Response by poster: Thanks for the enlightening answers, friends. I've gleaned from your thoughtful suggestions (and people accuse Americans of being isolated - I was truly amazed by your ability to put yourselves into a European's shoes!) that we should root, winnability-wise, for Kerry, Dean or Edwards.

I'm writing this thank-you note because the question has since been politely MeTa'd.
posted by MiguelCardoso at 11:03 PM on January 18, 2004

They would all be a great for the US and the world (can you imagine the global party the night one of the aformentioned is elected?). Even though I'm guessing you are a closet Lieberman guy ... heheheh... poor joe.
posted by specialk420 at 11:37 PM on January 18, 2004

Response by poster: Perceptive, specialk420? Mind-reader perhaps? Oh, who cares - yes indeedy, I am! Not that he's got a chance in hell, poor man.
posted by MiguelCardoso at 12:19 AM on January 19, 2004

if things are slow on that side of the pond tomorrow night ... you can watch it all go down live here:


or so they say. diebold won't have lot to do with the outcome at this stage... at the very least.
posted by specialk420 at 1:41 AM on January 19, 2004

I've been digging, and Clark is the only one who studied abroad (at Oxford in the 60s)...if that counts. He's also the only one who has dealt with all the NATO folks, so maybe he would be best for Europeans?

Either way Miguel, don't rely too much on our media (they're going to be especially harsh on any Dem) or our opinions here (we're still winnowing the field and making our own decisions, as you can see) : >

and special: I think the safer bet is not what we need this time (and Dukakis and Tsongas were all safer bets too with good resumes, in the past)--I trust Dean's people to train him and rein him in, yet still let his fire show thru (but i'd support Kerry too, if he was the nominee--ABB)
posted by amberglow at 9:52 AM on January 19, 2004

Either way Miguel, don't rely too much on our media (they're going to be especially harsh on any Dem)

And from the other side Miguel, I'd say not to ignore the media's opinion on Dean, who are no more biased than the crew here on metafilter.
posted by Dennis Murphy at 9:59 AM on January 19, 2004

Josh Marshall endorsed Kerry some time ago:

"Kerry is intelligent, knowledgeable on policy, attractive and articulate". For what it's worth ... Kerry is not Tsongas or Dukakis ... or Gore for that matter. "And maybe a little unlike Gore, he's got flair."

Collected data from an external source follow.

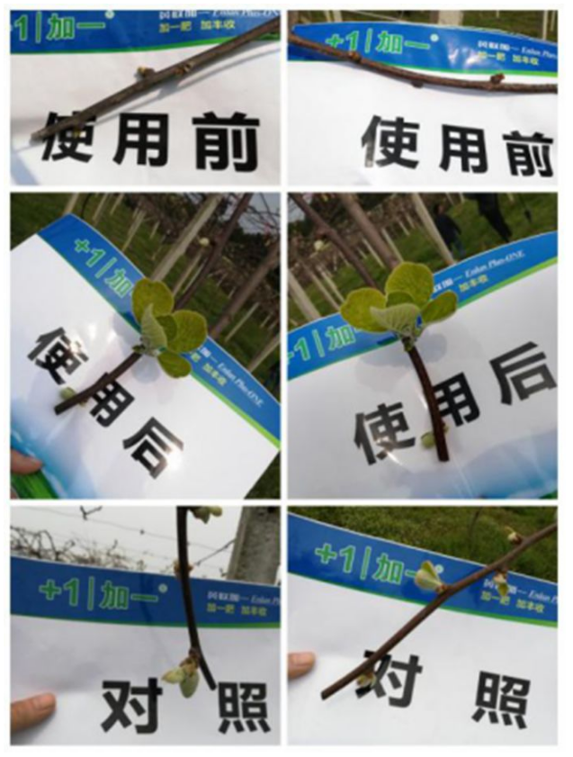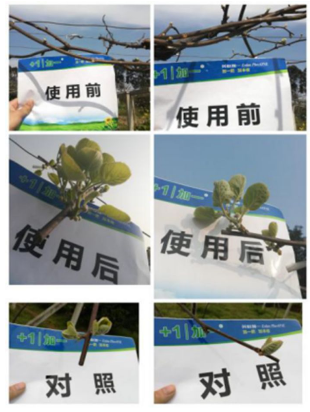 使用普拉多米之后,猕猴桃的芽苞发得很整齐,芽也比没有使用过的长得更快更整齐。
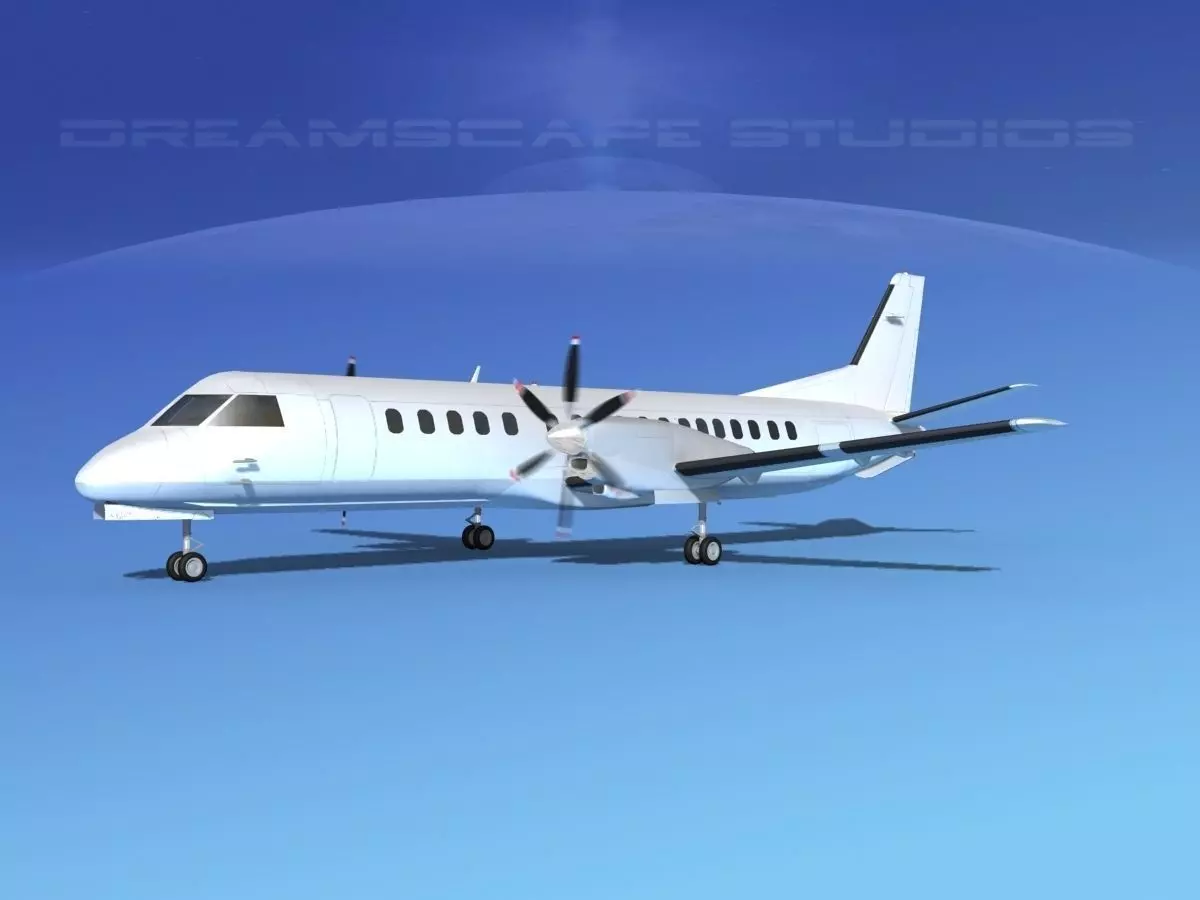 SAAB 2000 Unmarked 2 This model was originally built in Max 13 near to scale, within 3% of general dimensions. It includes a lot of exterior detail and general cockpit modeling. The model is fully textured. This model also has animateable landing gear retraction, flaps, landing gear doors, ailerons, elevators and rudder. Propellers are animated. Tires and wheels are animateable also. It is available in several formats for a wide variety of end users. This model comes with many different airlines liveries. The model is built to be used in in-flight or airport ground animations and video or simulation. It can also be used to populate an airport scene.
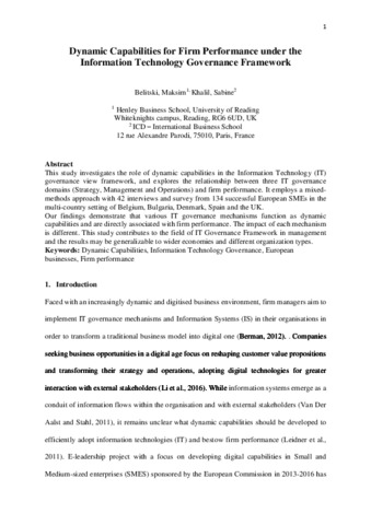Belitski, M. and Khalil, S. (2020) Dynamic capabilities for firm performance under the information technology governance framework. European Business Review, 32 (2). pp. 129-157. ISSN 0955-534X doi: 10.1108/EBR-05-2018-0102
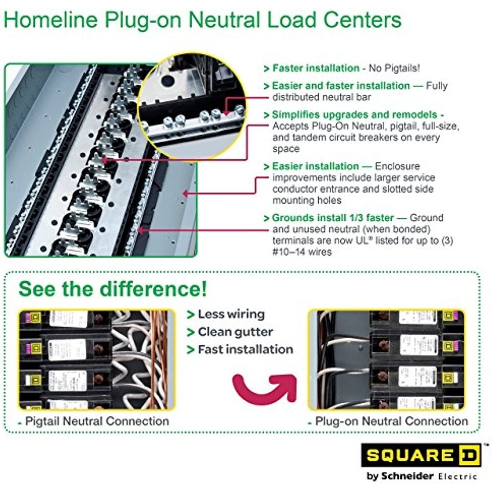 Includes a fully distributed neutral bar, allowing for the installation of Homeline Plug-on Neutral combination arc fault breakers on any space

We'll see if Iowa and New Hampshire agree soon enough.
posted by specialk420 at 10:49 AM on January 19, 2004

Scornful cracks like this aren't helping him at all, special: While campaigning in Iowa Sunday, Kerry was asked how he differed from Edwards. Kerry touted his foreign policy experience and said that when he returned home after serving in Vietnam in 1969, "I don't even know if John Edwards was out of diapers."--from here
posted by amberglow at 11:24 AM on January 19, 2004

Kerry's wife - while outspoken - seems like your kind of girl Miguel.
posted by specialk420 at 11:29 AM on January 19, 2004

Clark is a supporter of the School of the Americas, btw.
posted by homunculus at 3:48 PM on January 19, 2004

Also, don't forget what Bush did to McCain in South Carolina--he's going to do worse this time, and I don't see Kerry fighting dirty tricks effectively.

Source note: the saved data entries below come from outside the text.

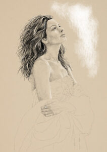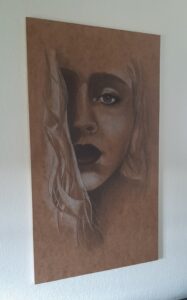 Tegnet på en grundet 6 mm masonit plade på 80 x 120 cm, herefter lakeret.
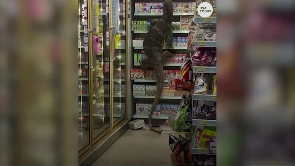 Ogroman gušter iznenadio je kupce i radnike jednog supermarketa na periferiji Bangkoka. Iz obližnjeg kanala došetao je direktno do polica u zadnjem delu prostorije.
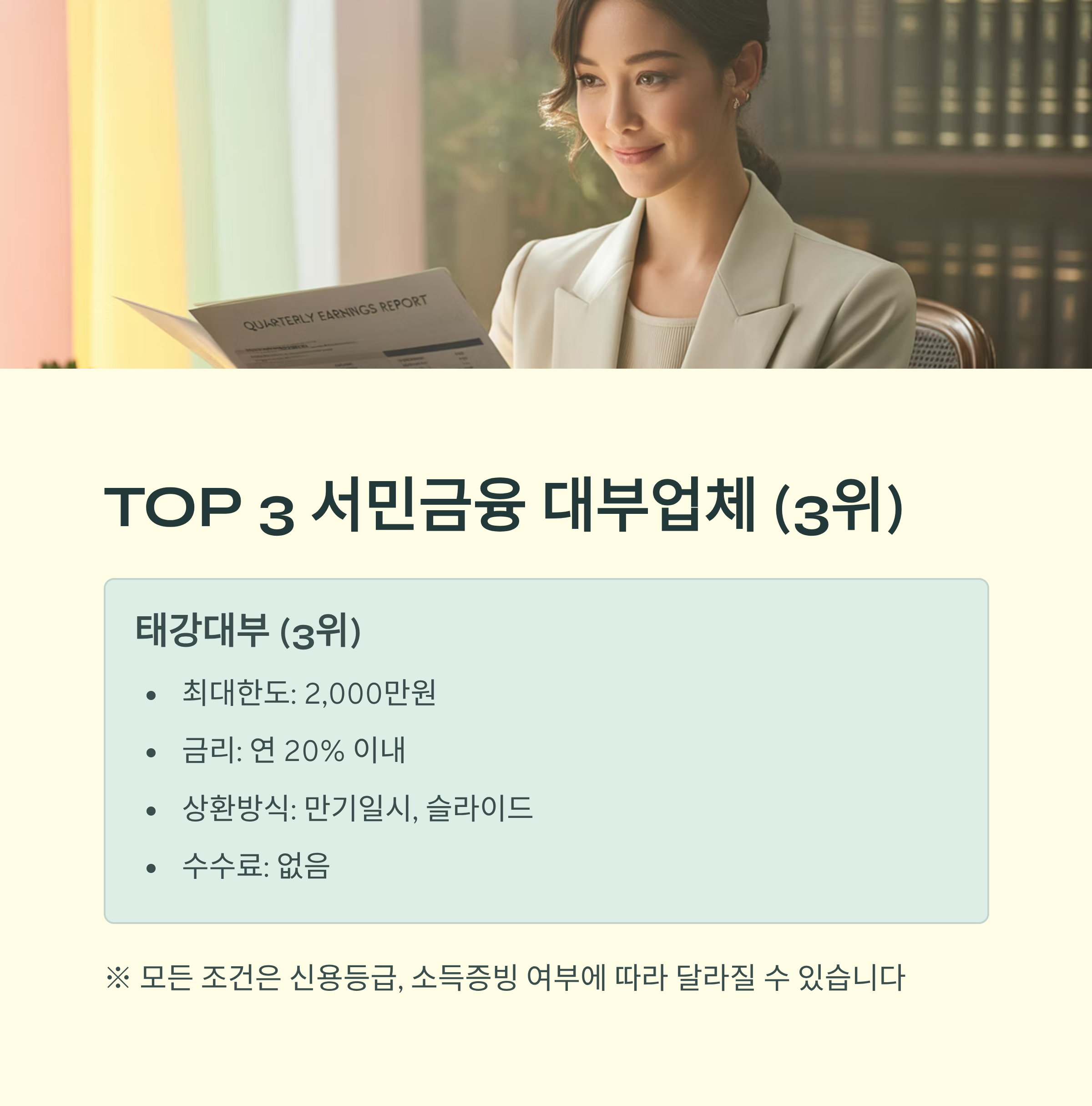 | 3 | 태강대부 | 2,000만원 | 연 20% 이내 | 만기일시, 슬라이드 | 없음 |

Bush had nothing to do withg that. You're referring to Rove tactics, and at this point in American history, such tactics are expected, if not returned in kind.
posted by Fupped Duck at 5:15 PM on January 19, 2004

boom - Kerry buries the pundits, predictions and Dean in Iowa.
posted by specialk420 at 6:24 PM on January 19, 2004

Response by poster: You were right all along, specialk. I like to think that his Mozambican-Portuguese wife played an important role. It sure makes it easier for us to decide who we want to be the next President of the U.S. - for which much thanks to you and everyone else.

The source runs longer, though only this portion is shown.